§ **Material provided**:
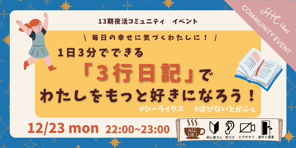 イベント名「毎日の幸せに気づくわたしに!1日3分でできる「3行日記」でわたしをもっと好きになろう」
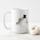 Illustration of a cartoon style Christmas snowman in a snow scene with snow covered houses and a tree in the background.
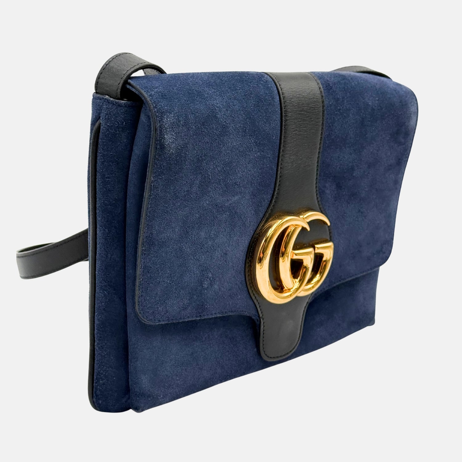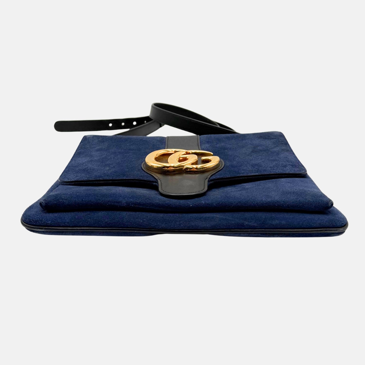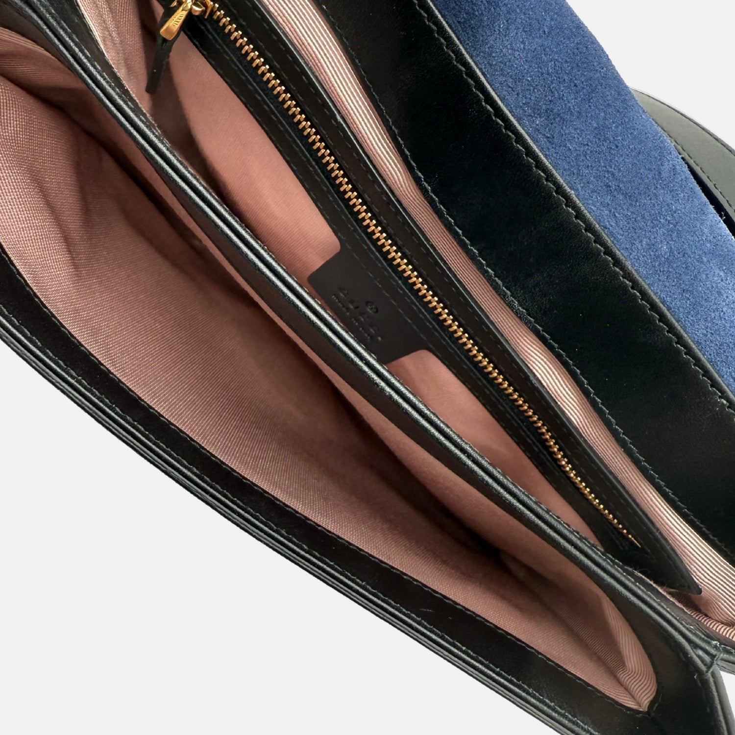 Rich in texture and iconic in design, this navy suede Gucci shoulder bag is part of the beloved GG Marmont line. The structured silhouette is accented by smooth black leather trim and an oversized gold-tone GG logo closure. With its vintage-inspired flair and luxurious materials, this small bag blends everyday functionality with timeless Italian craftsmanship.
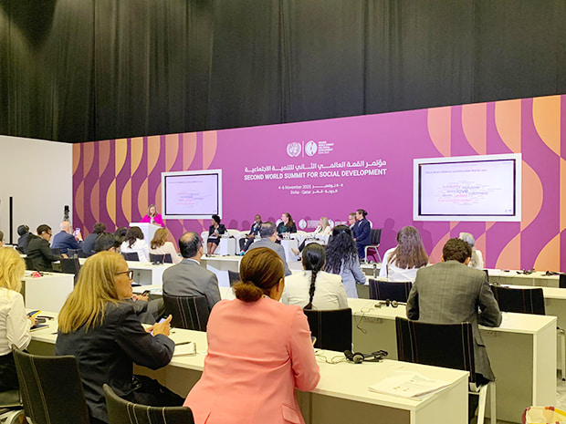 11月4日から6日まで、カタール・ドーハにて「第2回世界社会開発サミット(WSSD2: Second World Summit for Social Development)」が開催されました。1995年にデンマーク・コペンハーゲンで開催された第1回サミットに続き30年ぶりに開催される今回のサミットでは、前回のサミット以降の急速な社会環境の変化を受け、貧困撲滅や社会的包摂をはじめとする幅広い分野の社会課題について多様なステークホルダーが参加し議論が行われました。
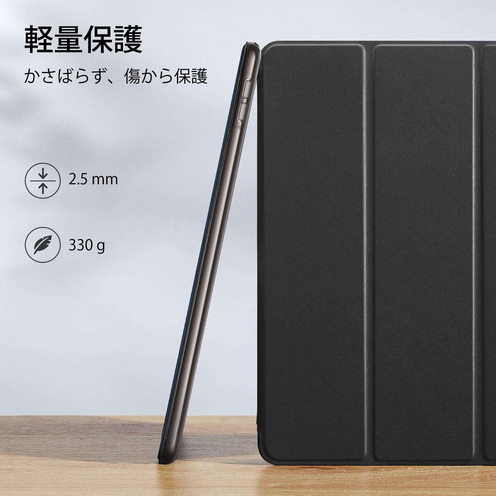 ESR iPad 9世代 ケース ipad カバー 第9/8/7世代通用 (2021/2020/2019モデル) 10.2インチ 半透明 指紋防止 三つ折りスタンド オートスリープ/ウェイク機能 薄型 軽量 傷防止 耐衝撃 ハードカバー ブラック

§ **Work to complete**: Write out the data word for word, with every picture dropped.

§ **Response for this exercise**:
 イベント名「毎日の幸せに気づくわたしに!1日3分でできる「3行日記」でわたしをもっと好きになろう」
 Illustration of a cartoon style Christmas snowman in a snow scene with snow covered houses and a tree in the background.
 Rich in texture and iconic in design, this navy suede Gucci shoulder bag is part of the beloved GG Marmont line. The structured silhouette is accented by smooth black leather trim and an oversized gold-tone GG logo closure. With its vintage-inspired flair and luxurious materials, this small bag blends everyday functionality with timeless Italian craftsmanship.
 11月4日から6日まで、カタール・ドーハにて「第2回世界社会開発サミット(WSSD2: Second World Summit for Social Development)」が開催されました。1995年にデンマーク・コペンハーゲンで開催された第1回サミットに続き30年ぶりに開催される今回のサミットでは、前回のサミット以降の急速な社会環境の変化を受け、貧困撲滅や社会的包摂をはじめとする幅広い分野の社会課題について多様なステークホルダーが参加し議論が行われました。
 ESR iPad 9世代 ケース ipad カバー 第9/8/7世代通用 (2021/2020/2019モデル) 10.2インチ 半透明 指紋防止 三つ折りスタンド オートスリープ/ウェイク機能 薄型 軽量 傷防止 耐衝撃 ハードカバー ブラック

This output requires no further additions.